Il segreto sta nella nuova tecnica: Region-Capture Micro-C
Per arrivare a questa scoperta, il gruppo del MIT ha usato una tecnologia rivoluzionaria sviluppata nel 2023: il Region-Capture Micro-C (RC-MC); rispetto ai metodi tradizionali (come il noto Hi-C), questa tecnica offre una risoluzione fino a 1000 volte più alta, permettendo di vedere dettagli microscopici nella struttura 3D del DNA.

Il RC-MC ha permesso di individuare minuscoli nodi di connessione, battezzati microcompartimenti, piccoli cluster in cui enhancer (sequenze che attivano i geni) e promoter (dove inizia la trascrizione) si agganciano tra loro.
Questi microcompartimenti erano già noti, ma nessuno sapeva come si comportassero durante la mitosi… fino ad ora.
Una stabilità sorprendente
Contro ogni aspettativa, gli scienziati si sono accorti che i microcompartimenti non spariscono durante la mitosi, anzi: diventano più evidenti; uUn risultato che smentisce decenni di manuali di biologia.
“Pensavamo che durante la mitosi tutto venisse azzerato. E invece, quando abbiamo guardato più da vicino, abbiamo trovato ordine dove ci aspettavamo solo caos”, racconta Hansen.

Le strutture più grandi del genoma, come i TAD e i compartimenti A/B, scompaiono effettivamente, ma le connessioni fini (i microcompartimenti) restano; è come se la cellula chiudesse i grandi archivi, ma mantenesse attive le scorciatoie sul desktop.
Un misterioso picco di attività genica
La scoperta potrebbe spiegare anche un vecchio mistero: il picco improvviso di attività genetica osservato alla fine della mitosi e già negli anni ’60 si pensava che la trascrizione dei geni si fermasse completamente durante la divisione.
Tuttavia, studi recenti hanno notato un breve momento in cui alcuni geni “si risvegliano” prima di spegnersi di nuovo.

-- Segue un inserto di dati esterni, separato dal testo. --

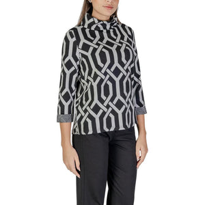 The Street One EOS women’s sweater with scarf collar and jacquard pattern is the perfect choice for those seeking both style and comfort in knitwear. Made from a blend of 63% polyester, 34% viscose, and 3% elastane/lycra, it offers a comfortable fit and pleasant stretch that moves with your body. The geometric jacquard design adds a modern and sophisticated touch, while the cozy scarf collar provides both style and practicality. Long sleeves with turned-up cuffs and a slightly fitted cut flatter the silhouette, making this sweater ideal for both casual and more refined outfits. Perfect for the autumn-winter season, it is a versatile piece to wear at the office, during leisure time, or for special occasions.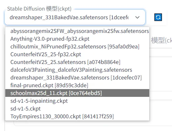 1、选择需要使用的模型(底模),这是对生成结果影响最大的因素,主要体现在画面风格上。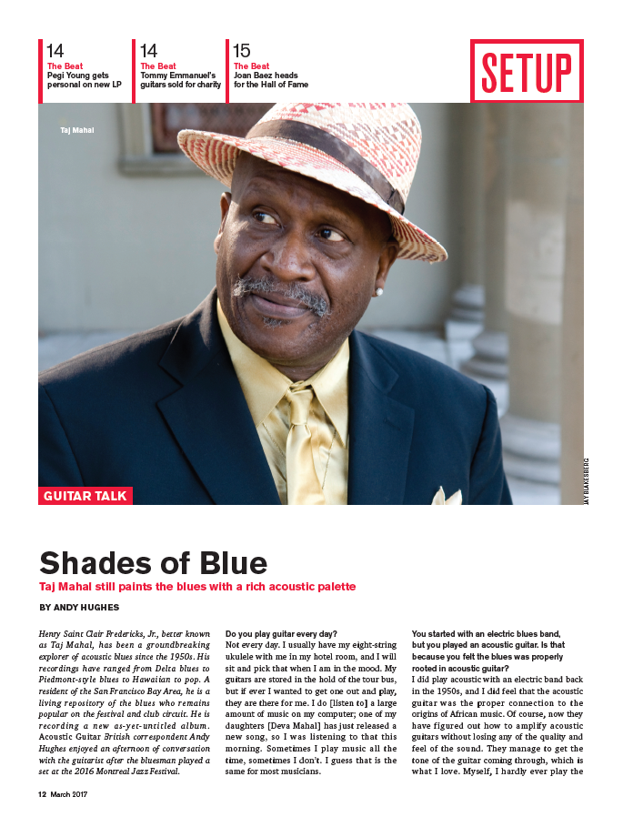 Features: Three generations of guitar-making at Guitarras Zepeda; Taj Mahal talks about his favorite guitars; Tommy Emmanuel sells guitars for charity; Janis Ian donates rare D’Aquisto to D’Addario Foundation; Joan Baez to be inducted into Rock & Roll Hall of Fame.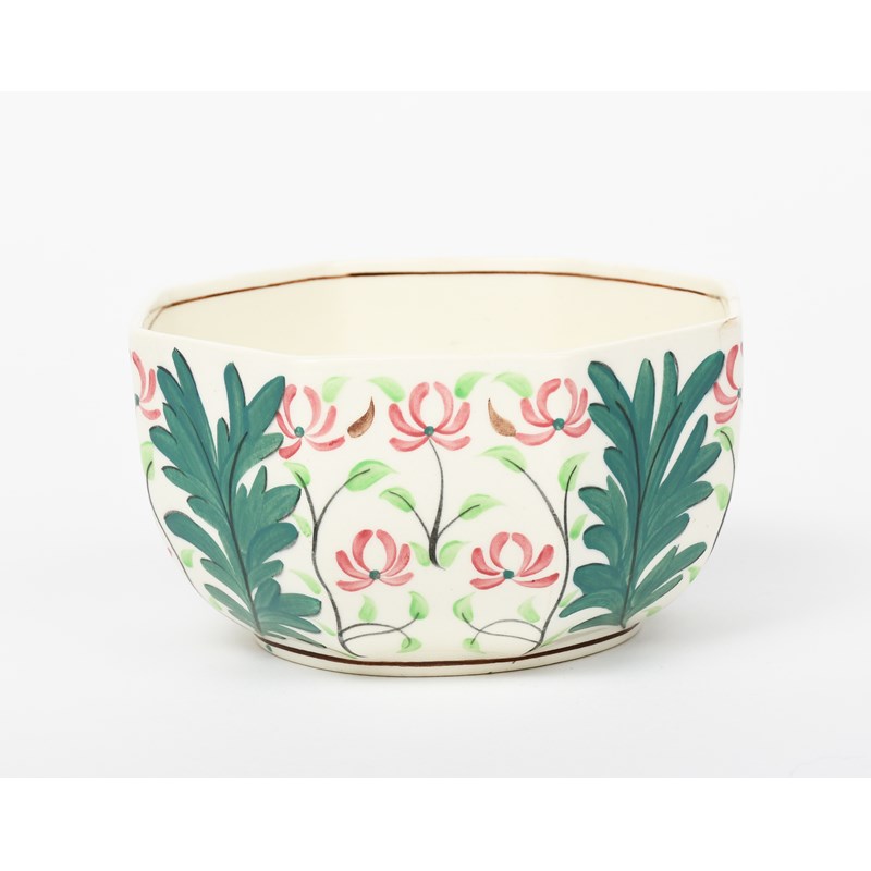 A Wedgwood octagonal bowl designed by Alfred Powell, painted with panels of stylised cyclamen flowers and large foliate columns, in green, pink and brown, impressed marks, painted number, 12cm. diam.

Il MIT ha trovato il colpevole: i microcompartimenti e durante la compattazione del DNA, enhancer e promoter finiscono per avvicinarsi così tanto da attivare per errore alcune trascrizioni: poi la cellula, quasi imbarazzata, le disattiva di nuovo appena finita la divisione.
“Sembra un effetto collaterale accidentale”, spiega Hansen. “La cellula crea un ambiente così favorevole ai microcompartimenti che alcuni geni si accendono da soli. Ma appena entra nella fase G1, la cellula fa pulizia e rimuove quelli inutili.”
Il prossimo passo: capire chi resta e chi scompare
Ora il team vuole capire come la cellula decide quali microcompartimenti conservare e quali eliminare quando torna “a regime”; la risposta potrebbe aiutare a spiegare perché cellule diverse, pur avendo lo stesso DNA, si comportano in modi così differenti.

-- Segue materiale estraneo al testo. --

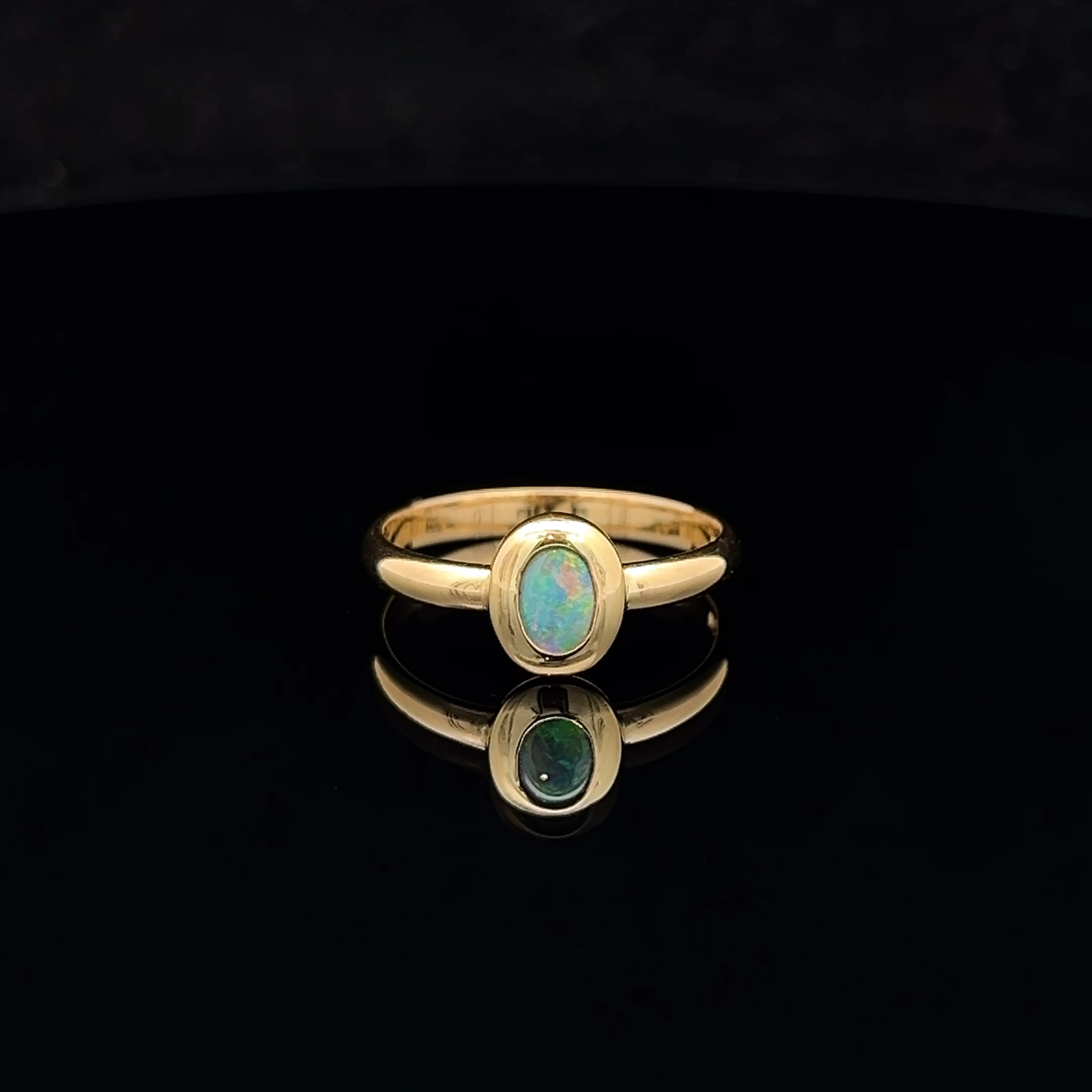 Solid Oval-cut Black Opal set in an intricate 18K Yellow Gold Band

Inoltre, poiché la compattazione dei cromosomi varia in base alla forma e alla dimensione della cellula, i ricercatori del MIT stanno studiando come questi fattori influenzino la struttura del genoma e, di conseguenza, l’attività dei geni.
Un nuovo modo di pensare la vita cellulare
Lo studio, finanziato da enti come il National Institutes of Health e la National Science Foundation, ci obbliga a rivedere un concetto che sembrava scolpito nella pietra: la divisione cellulare non è una tabula rasa, ma una fase ordinata e dinamica, dove la cellula conserva la propria identità anche nel momento di massimo cambiamento.
E forse è proprio questa la chiave della vita: la capacità di trasformarsi, senza mai dimenticare chi si è.